# Scaling in buildings



## PoplarMan45 (Aug 19, 2018)

I model in HO and like to build kits. I have noticed tho that there is a difference among brands and manufacturers in the scaling of buildings. That is, when different brands of buildings are placed side-by-side, I see a substantial difference. Some are over-scaled (too big), and some are under-scaled (too small). Has anybody else noticed this?


----------



## MichaelE (Mar 7, 2018)

I've only noticed it with Auhagen structures.

They have two lines, one HO and the other is HO/TT. TT being 1/120 scale. These dual-scale structures are scaled at 1/100.

These undersized structures can be made to work in a forced perspective setting and they can also work if they are placed with smaller HO scale structures.

I haven't bought any US designed or manufactured structures in over 30 years so I'm not certain how their structures compare.

Other than Auhagen with their dual-scale offering, German and Austrian structures are true to scale.
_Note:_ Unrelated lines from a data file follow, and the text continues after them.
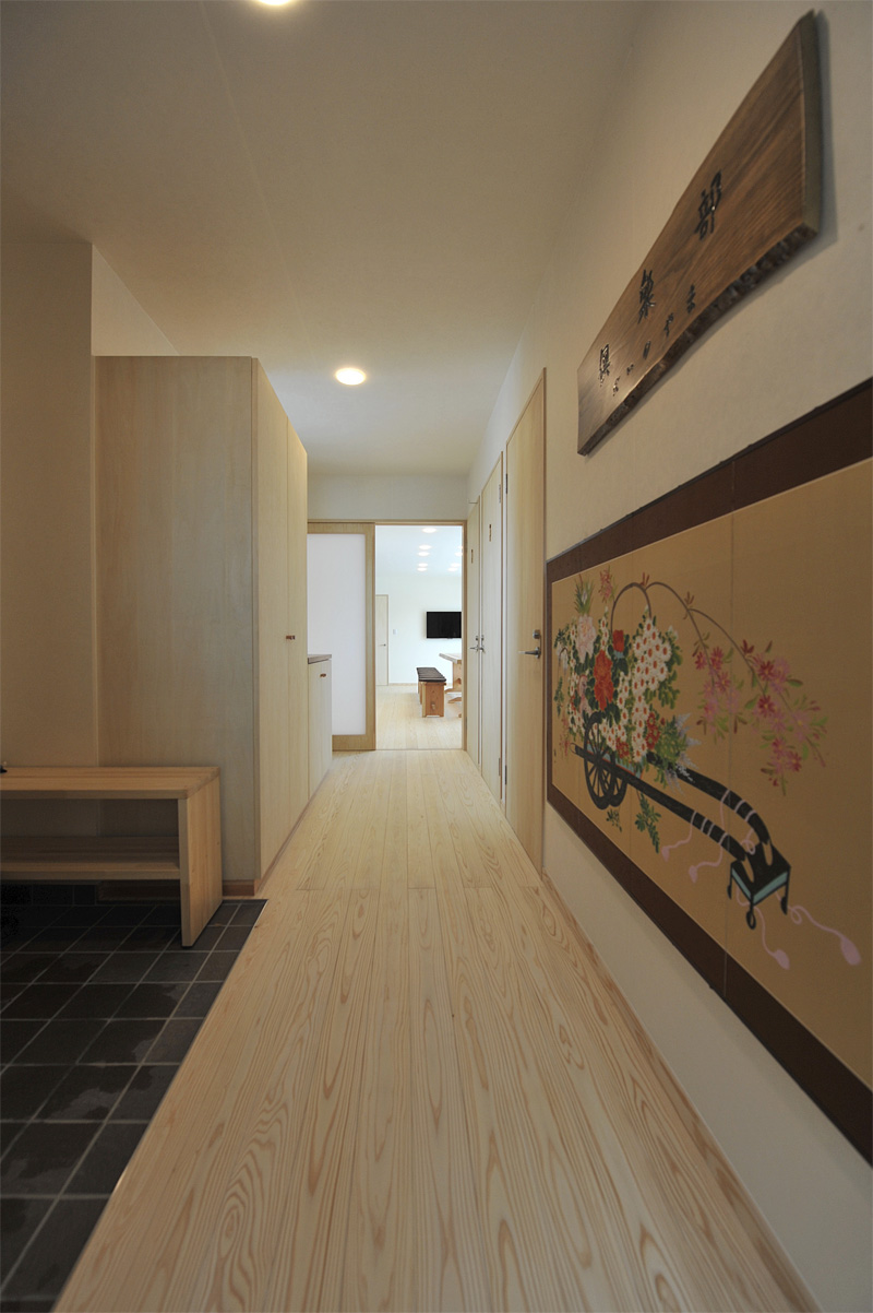 玄関には建主様が選んだ日本画と直筆の木製看板をあしらっています。
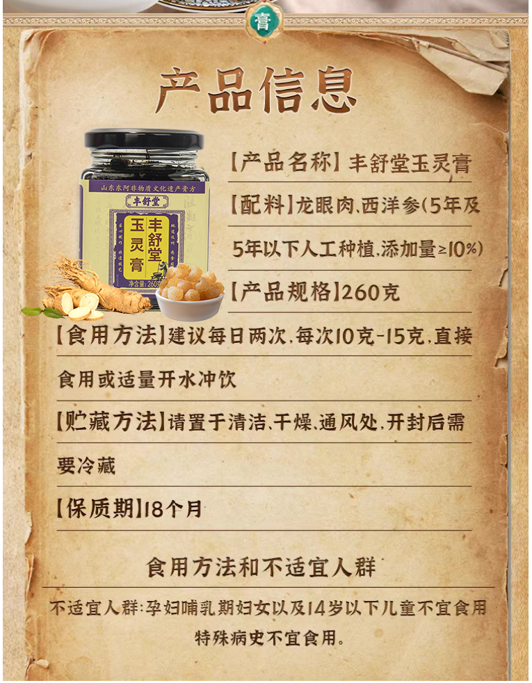 丰舒堂玉灵膏丰舒堂家正品西洋参气血调理养生膏丰舒堂官方旗舰店
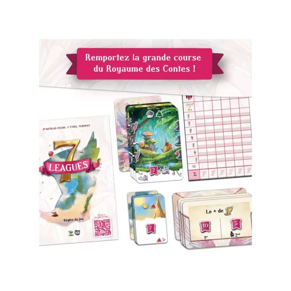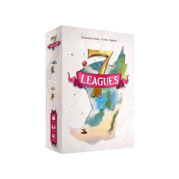 7 Leagues est un jeu de cartes stratégique et féerique pour 2 à 6 joueurs. Tour après tour, composez votre voyage en posant des cartes terrain devant vous et en repiochant selon la météo. Créez les meilleures synergies, activez des combos et formez des bottes pour marquer un maximum de points.

Auhagen was located in the former East Germany and TT scale is still popular in that area and points east. Especially the former Soviet Union.


----------



## CTValleyRR (Jul 26, 2014)

Yes. As Michael noted, many (if not most) manufacturers try to get multi-use out of their structure kits by scaling them "between scales". In addition to HO /TT, HO / OO is another common blend. The former are slightly under scale, the latter slightly over. I've also found that a lot of them seem to be slightly ipunderscale so that they have a smaller footprint on the layout. Walthers Cornerstone kits seem to me to be true to scale. A good way to tell is that if a an HO scale figure is 7/8" tall, the a standard door should be about an inch high.


----------